Four out of five dentists will tell you that “Come On” is bad for your teeth. There are certainly guilty pleasures here. “Rest Assured” and “Down About It” are great, brisk guitar rockers. “I’ll Do It Anyway” is a giddy pop trifle that Dando originally wrote for Belinda Carlisle (she declined, but sings backup here). Dando has an easy, bedroom voice–he doesn’t sing as much as whisper in your ear–but he’s capable of extreme lapses in judgment. “The jello Fund” is a 15-minute suite: fake jazz piano, Hendrix-style guitar noodling and studio outtakes interspersed with eight minutes of dead silence.
In interviews Dando has spoken movingly about his parents’ knotty divorce, as well as about his continued bouts with sleepwalking and night terrors. But what we get here is not substance, but “Style”: Don’t wanna get stoned, don’t wanna get stoned, but I don’t wanna not get stoned. The cri de coeur of Generation X, or a load of crap? Your call. At his best, Dando seems like a canny, tuneful songwriter with his ears open to all sorts of influences: punk, pop, country. At his worst, he just seems lazy. ln the press materials for “Come On,” he says, “‘Style’ was written in five minutes as a joint went around.” Geez, really?
The Whigs’ new album, “Gentlemen,” is not exactly a drug-free zone. in fact, singer Dulli makes his intentions clear on the title track: Unlock the cabinet…I’ll take whatever you got. With “Gentlemen,” the Cincinnatibased Whigs deliver a venomous, meticulously crafted variation on the theme of Breaking Up Is Hard to Do. Dulli’s grainy voice sounds positively ghoulish. And, unless you’re in the mood for subtlety, his lyrics have a sinister honesty: The victim doesn’t want it to end/Good.

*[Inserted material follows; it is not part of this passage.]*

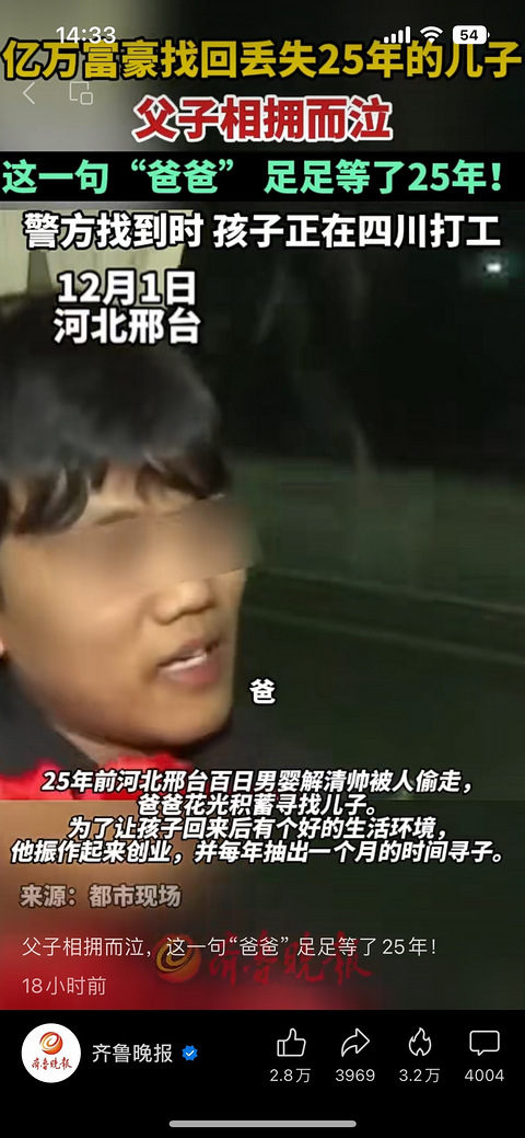 刷屏!亿万富豪找回丢失25年的儿子!“先买车,已备好三套房”
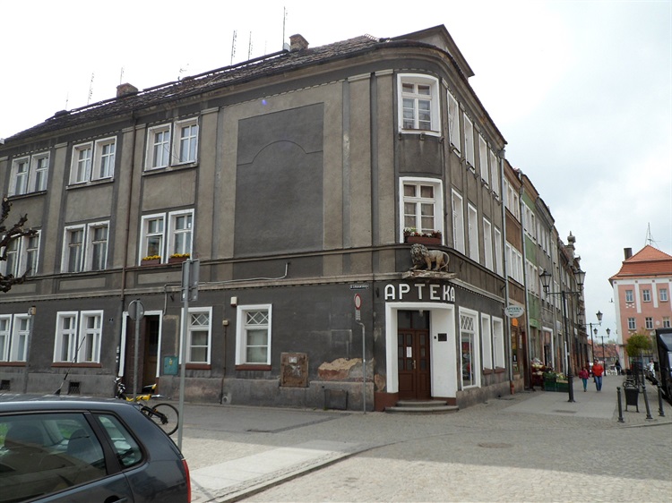 Jedną z kamienic, której część przeszłości możemy odtworzyć, jest budynek stojący w narożniku rynku i oznaczony numerem 16. Narożna kamienica z charakterystyczną rzeźbą lwa mieści dziś aptekę. Ta duża, dwupiętrowa kamienica o rysach klasycystycznych zbudowana została w XIX w. na zrębach wcześniejszego domu.

I get to dress up and play the assassin again…If I inflict the pain, then baby only I can comfort you. “Gentlemen” might not be autobiographical, but now that it’s out Dulli may have a hard time getting dates.
So Dulli’s no alterna-hunk. Still, just when you tire of the prickly, distorted guitars, he and the Whigs know enough to offer piano and cello. just when you think he has wrung all the drunken, violent weirdness out of love, he sings “I Keep Coming Back,” an old soul tune that suddenly sounds creepy and masochistic. The Lemonheads have stuck to the map, but the Afghan Whigs have ventured into parts unknown.